SAN FRANCISCO—A collaboration to identify and develop drugs for resistant strains of malaria draws on an unusual combination of resources: U.S. Army research from 1946 plus 21st century informatics and lab technology.
The joint work on malaria began about two years ago between Collaborative Drug Discovery Inc., (CDD) and the Department of Chemical Biology and Therapeutics at St. Jude Children's Research Hospital. CDD created a database of over 12,000 molecules from the 61-year-old, two-volume "A Survey of Malaria Drugs," edited by Frederick Y. Wiselogle.
The monograph, which contains tables of data including descriptions, was not available electronically and lacked indexes. But its information is invaluable: animal study results established structure-activity relationships of molecules against malaria by covering compounds' structures plus biochemical activity, including mechanisms of action and toxicity levels.
The information has now been made accessible, says Dr. Barry Bunin, CEO and president of CDD. "CDD has both a free and a paid version, depending upon people's interests, and this historic malaria data is available for anyone via the CDD database." Fees are charged, however, for import and export of data or using private data in secure groups.
Bunin says CDD has communities around other orphan diseases or developing world diseases, including Chagas disease, African sleeping sickness, tuberculosis, and leishmaniasis. Other ventures include a cancer community and a firewall-protected offering for Big Pharma, says Bunin.
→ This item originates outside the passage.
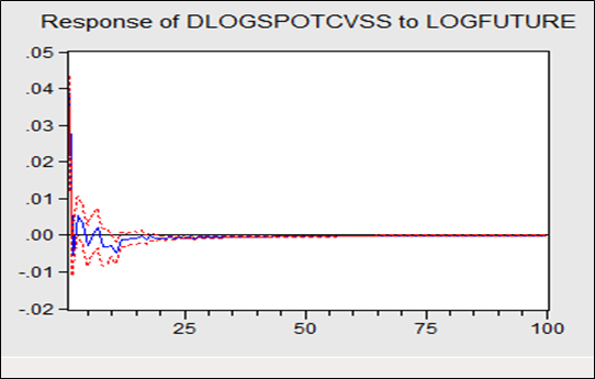 C-3-2- Fonctions de réponses impulsionnelles De la variation du prix au comptant du soja suite à un choc sur les variations des prix future.

Bunin says CDD's technology enables multiple operations with data.
"The first step is getting heterogeneous data into a database. The benefit is you have a permanent record when you're done. The mining is both chemical mining—this is chemically intelligent substructure search and Lipinski calculations—and biological mining for potency, selectivity, and toxicity. The collaborate [function] is what allows you to choose which data you want to keep 100 percent private and which you want to selectively and securely share with individual collaborators or which you want to make open access."
As with other orphan disease studies, St. Jude will also provide public access to the data once a manuscript on the research is finished, says Dr. Kip Guy, chair of the Department of Chemical Biology and Therapeutics. Guy says cheminformatics specialists often prefer St. Jude's bulk file format, though biologists like CDD because of their tools.
Guy says St. Jude has focused on modeling—incorporating varied data to create multidimensional descriptions of chemical space that can be related to disease states. Interesting compounds can then move into the wet lab, where screening methods involve intact malaria parasites.
"Our initial approach was to take approved drugs and literature-reported chemical candidates, compounds of that ilk," to identify chemotypes that would have streamlined re-approval processes. "What we're really hoping is that we will find buried in this data leads that will take us quickly to the clinic," says Guy.
Worldwide attention is limited in working on orphan diseases like malaria, but Guy says his work receives NIH funding. Federal funds also supported the Army's work in the 1940s, and Guy sees the material's longtime inaccessibility as "a tragedy." Now, however, with the information in a usable format, the data have come full circle. "We're providing it back to Walter Reed [Army Medical Center]," says Guy.